> Work item:
Beneath this instruction is a block of data; output from it exactly the lines that run from the one containing "The Super Mario" through the one containing "驱动页面包括:灯光、改键、宏", inclusive.

> Recorded data:
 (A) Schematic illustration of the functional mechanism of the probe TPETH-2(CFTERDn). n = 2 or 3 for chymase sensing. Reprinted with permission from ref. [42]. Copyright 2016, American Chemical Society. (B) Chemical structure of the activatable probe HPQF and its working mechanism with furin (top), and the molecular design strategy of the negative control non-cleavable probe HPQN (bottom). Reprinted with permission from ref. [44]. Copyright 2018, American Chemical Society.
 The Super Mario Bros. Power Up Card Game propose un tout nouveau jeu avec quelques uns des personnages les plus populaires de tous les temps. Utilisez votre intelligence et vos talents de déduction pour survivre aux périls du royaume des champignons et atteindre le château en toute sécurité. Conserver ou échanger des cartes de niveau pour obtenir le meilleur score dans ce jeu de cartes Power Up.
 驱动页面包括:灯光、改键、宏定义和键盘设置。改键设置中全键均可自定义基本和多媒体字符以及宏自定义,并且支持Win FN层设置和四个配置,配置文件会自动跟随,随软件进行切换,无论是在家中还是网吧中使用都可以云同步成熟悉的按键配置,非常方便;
==
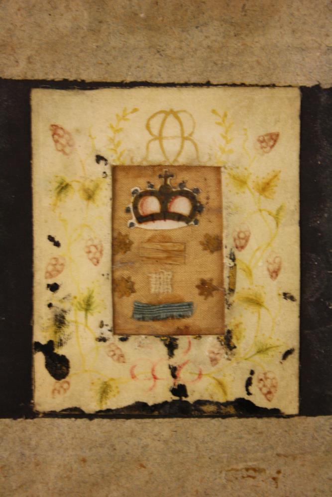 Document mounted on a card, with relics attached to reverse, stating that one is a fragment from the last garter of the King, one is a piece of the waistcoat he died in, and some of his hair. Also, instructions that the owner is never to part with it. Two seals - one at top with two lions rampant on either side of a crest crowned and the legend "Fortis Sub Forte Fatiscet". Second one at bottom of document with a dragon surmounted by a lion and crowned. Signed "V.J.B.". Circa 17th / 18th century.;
...
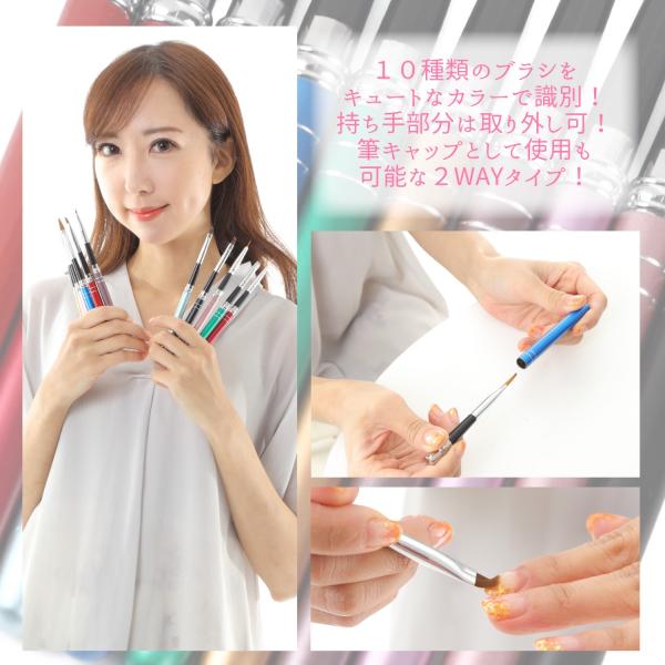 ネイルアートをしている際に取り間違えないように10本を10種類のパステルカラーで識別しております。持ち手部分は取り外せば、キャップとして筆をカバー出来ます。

> Solution for this exercise:
 The Super Mario Bros. Power Up Card Game propose un tout nouveau jeu avec quelques uns des personnages les plus populaires de tous les temps. Utilisez votre intelligence et vos talents de déduction pour survivre aux périls du royaume des champignons et atteindre le château en toute sécurité. Conserver ou échanger des cartes de niveau pour obtenir le meilleur score dans ce jeu de cartes Power Up.
 驱动页面包括:灯光、改键、宏定义和键盘设置。改键设置中全键均可自定义基本和多媒体字符以及宏自定义,并且支持Win FN层设置和四个配置,配置文件会自动跟随,随软件进行切换,无论是在家中还是网吧中使用都可以云同步成熟悉的按键配置,非常方便;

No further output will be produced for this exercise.